In the latter case, it will be a while.
Controversial former NFL star Herschel Walker, a close friend of Trump's, is narrowly trailing incumbent Sen. Raphael Warnock. But the leader failed to reach the 50 per cent vote threshold, sending the pair to a Dec. 6 run-off.
Perhaps the worst news of all for Trump was in his beloved state of Florida, where Gov. Ron DeSantis romped to a 20-point win over Democratic rival Charlie Crist — a substantial platform from which to launch a bid for the Republican nomination in 2024.
Exit polls suggested that as many as three in 10 voters cast their ballots in House races "as an expression of opposition to Donald Trump," said Asher Hildebrand, one of McCorkle's colleagues at Duke's Sanford School of Public Policy.
"That, combined with Ron DeSantis's very strong showing in the Florida governor's race, is probably going to increase pressure among Republican elites to find another standard-bearer in 2024."
Florida was just one of 506 gubernatorial, House and Senate races that came to fruition Tuesday in a midterm showdown that pollsters and pundits had expected to be a bruising indictment of Biden's administration.
Hildebrand acknowledged being one of the pundits who initially questioned the Democratic strategy of pivoting late in the race to portray many of the Republican candidates as election deniers who would pose a threat to American democracy.
In the end, it's a strategy that appears to have paid off, he said.
"President Biden's decision to campaign on the issue, which was very much criticized by me at the time, was actually smart politics," Hildebrand said. "Generic appeals to the importance of democracy, and the importance of protecting it, were effective with voters."
Not all of them went down to defeat, however.
In Arizona, former news anchor Kari Lake, who has leaned heavily into Trump's brand of scorched-earth, media-bashing politics, seized on reports of faulty voting machines to resurrect the spectre of imagined electoral fraud.
Election officials in the state insisted that the technical problems, which affected about 20 per cent of the machines in populous Maricopa County, merely delayed the counting process and did not prevent anyone from casting a ballot.
But that didn't stop Lake from spoiling for a fight.
"When we win, first line of action is to restore honesty to Arizona elections," Lake told supporters as she trailed Democrat Katie Hobbs, the state's top election official, by a margin of 12 percentage points with half of the polls reporting.

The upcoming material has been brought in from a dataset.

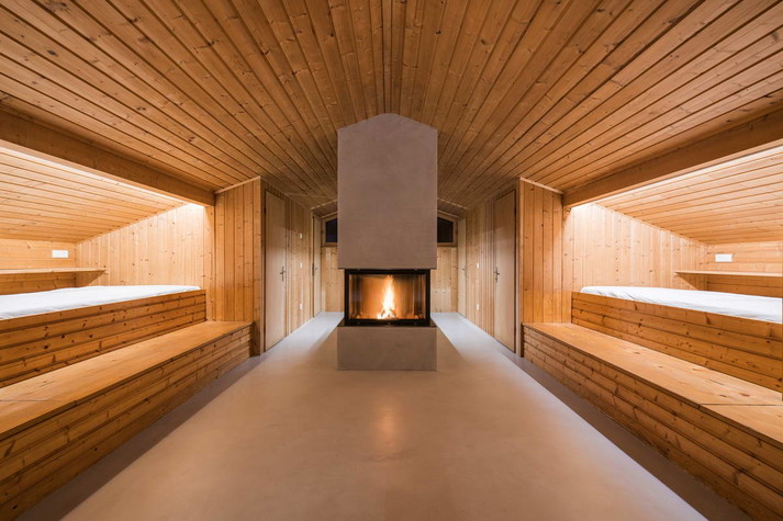 Балкон шале був замінений легкою конструкцією з невеликих балок. Діагональні сталеві балки, закріплені на бетонних стовпах, підтримують цю конструкцію. Це нове рішення пропонує вдвічі більше місця, ніж раніше.

"When we win — and I think it will be within hours — we will declare victory and we will get to work turning this around — no more incompetency and no more corruption in Arizona elections."

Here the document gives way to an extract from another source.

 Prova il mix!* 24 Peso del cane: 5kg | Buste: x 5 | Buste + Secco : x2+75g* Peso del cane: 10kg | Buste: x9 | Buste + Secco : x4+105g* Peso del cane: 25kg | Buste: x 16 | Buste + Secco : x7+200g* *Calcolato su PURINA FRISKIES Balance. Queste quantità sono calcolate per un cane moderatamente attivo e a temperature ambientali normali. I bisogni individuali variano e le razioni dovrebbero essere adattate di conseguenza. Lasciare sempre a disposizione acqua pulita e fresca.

Since then, Lake has indeed closed the gap with Hobbs, pulling to within less than 12,000 votes with two-thirds of polls reporting, a margin of less than a single percentage point.

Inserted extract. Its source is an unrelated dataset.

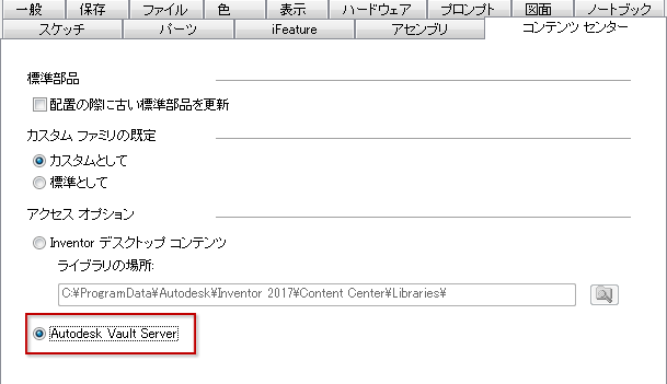 - Inventor の[アプリケーション オプション]ダイアログ ボックスで、コンテンツ センター ライブラリに Vault を使用するように Inventor が設定されていることを確認します。

If the Republicans take control of the House, presumptive Majority Leader Kevin McCarthy will be presiding over a smaller caucus than he might have hoped, giving a taller pedestal to some of the party's more extremist elements.
That's sure to complicate life in Congress, where Republicans have already vowed to make things as difficult for Biden over the next two years as Democrats did for Trump.
And that perception of gridlock and chaos may, in the end, be the part of the midterms that impacts Canada the most, said Eric Miller, president of the D.C.-based Rideau Potomac Strategy Group.
"Even if the blowout is not as big as one thought it would be, you now have a situation where the endless commentary in Canada — how the U.S. is heading for dissolution, or a civil war, or can't be trusted, and so on — is only going to get amplified," Miller said.
"The system begins to not function the way it should, there is no ability to deal with the big picture problems, there's no ability to pursue serious bilateral relationships."